The umbrella revolution might be 
historic precisely because it is not a revolution, but a reflection of 
the unavoidable political conflict attending Hong Kong's near future. 
I'm not talking here about some linear Marxist course of history, but 
rather the very specific constitutional challenges riddling the 
Sino-Hong Kong "one country, two systems" model. At the same time Hong 
Kong has been edging towards a system of greater democracy since the end
 of British rule 14 years ago, it has also been on a path of integration
 with China. 
The "two systems" framework thus presents a problem 
of power now typical of contemporary China, aligned with efforts to 
liberalize parts of its financial system, while enforcing fiercer social
 controls. Occupy Central has brought the conflicts entailed therein, 
which have no obvious resolution, to the fore. 
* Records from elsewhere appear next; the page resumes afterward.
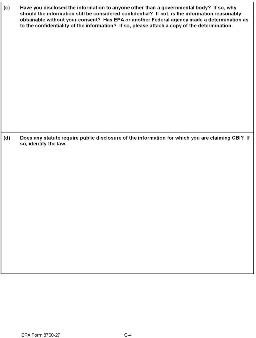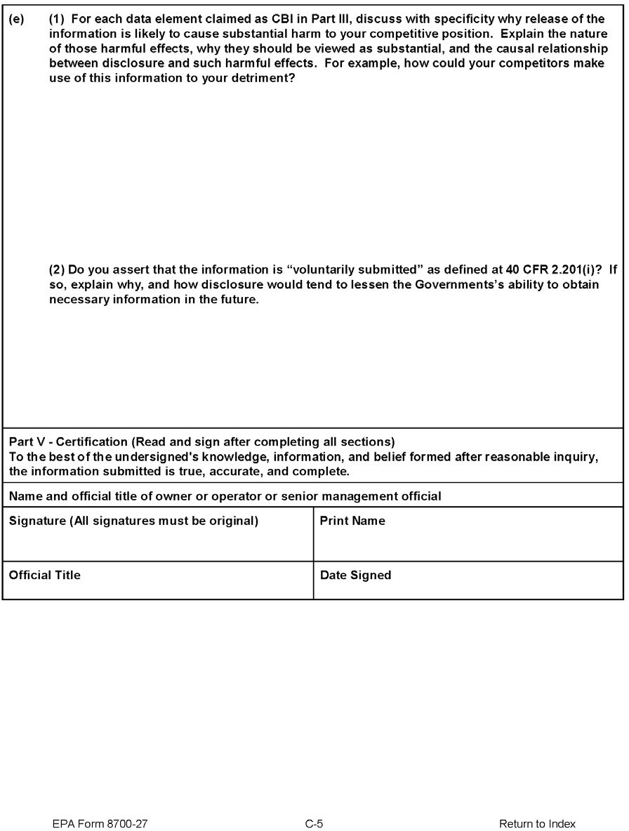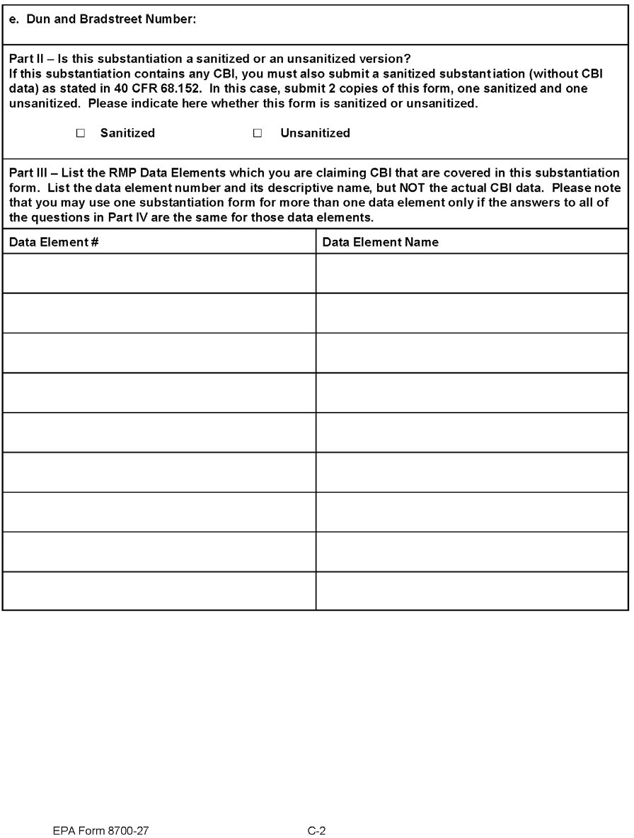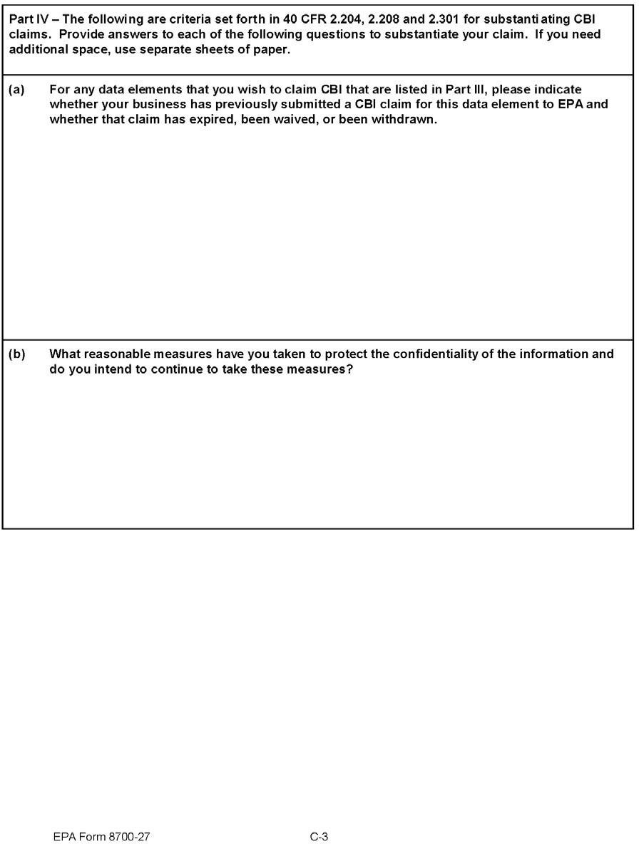 The annual public reporting and recordkeeping burden for this collection of information for those sources that claim CBI is estimated to average 9.5 hours per claim. This collection of information is approved by OMB under the Paperwork Reduction Act, 44 U.S.C. 3501 et seq. (OMB Control No. 2050-0144). Responses to this collection of information are mandatory (40 CFR 370.40 to 370.42). An agency may not conduct or sponsor, and a person is not required to, respond to a collection of information unless it displays a currently valid OMB control number. Form completion and mailing instructions can be found at https://www.epa.gov/rmp/rmpesubmit-users-manual. Send comments on the Agency's need for this information, the accuracy of the provided burden estimates, and any suggested methods for minimizing respondent burden, including through the use of automated collection techniques to the Director, Collection Strategies Division, U.S. Environmental Protection Agency (2822T), 1200 Pennsylvania Ave., NW, Washington, D.C. 20460. Include the OMB control number in any correspondence. Do not send the completed form to this address.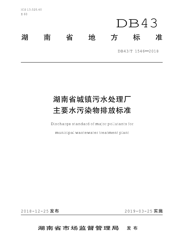 本标准规定了湖南省范围内的城镇污水处理厂化学需氧量、氨氮、总氮和总磷的排放限值及监测要求。 本标准适用于湖南省县级及以上城镇污水处理厂。 本标准中未列出的项目执行 GB 18918 的相应要求。
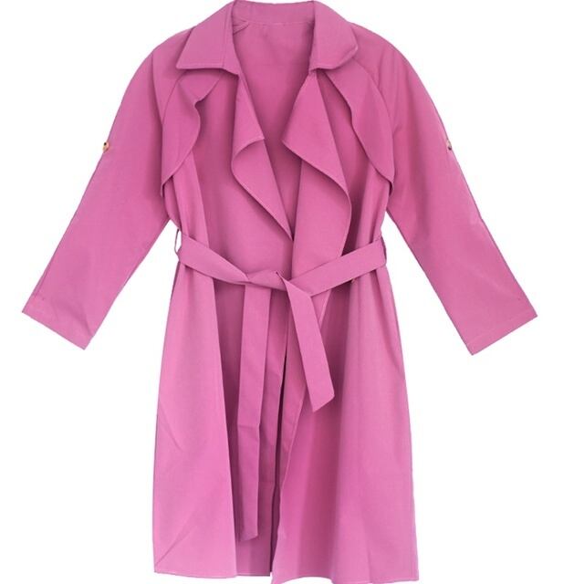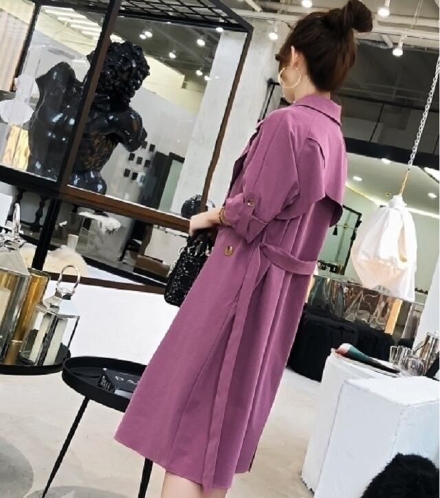 トレンチには珍しいパープルで華やかな場にもぴったりです。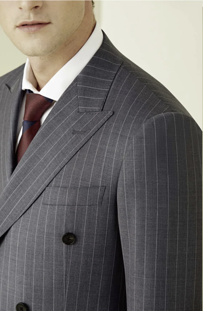 Grey Pinstripe Double Breasted / Two Piece Suit Italian Pure Wool Super 110'S
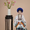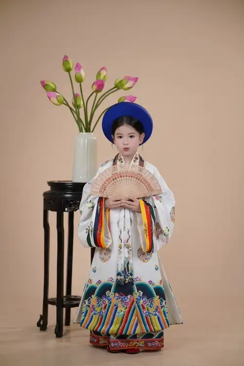 – Áo Nhật Bình trẻ em màu trắng vải gấm in hoa văn chìm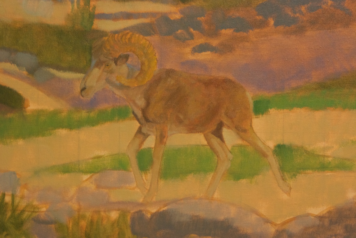 Not this time. First, I thought about what it was that made me want to paint this scene. It was not only the argali, but the interesting alternating pattern of light and shadow, which started in the foreground and went all the way back. And it was important that it be about my emotional response to this very special experience.

I have long been skeptical of the idea that a protest's size alone is a metric for its significance. I saw little political force
 in the recent vast People's Climate March in New York, which I 
considered more of a parade than a protest. Occupy Central, too, 
certainly seems to bear an air of politeness and calm which I would, in a
 US context, criticize. Not only has there been no damage to property, 
but protesters have held up signs apologizing for an inconvenience to 
the functioning of commerce; a strong quartet has been providing gentile
 entertainment. But context is all. This sort of civil disobedience is 
profoundly atypical for a tightly controlled city, through which capital
 flows at lightning speed. Central's streets are unaccustomed to popular
 occupation. So while I might scoff at "peace and love" protests in this
 country, I continue to watch Occupy Central with great interest as Hong
 Kong People dissent on their own terms, in their own ways.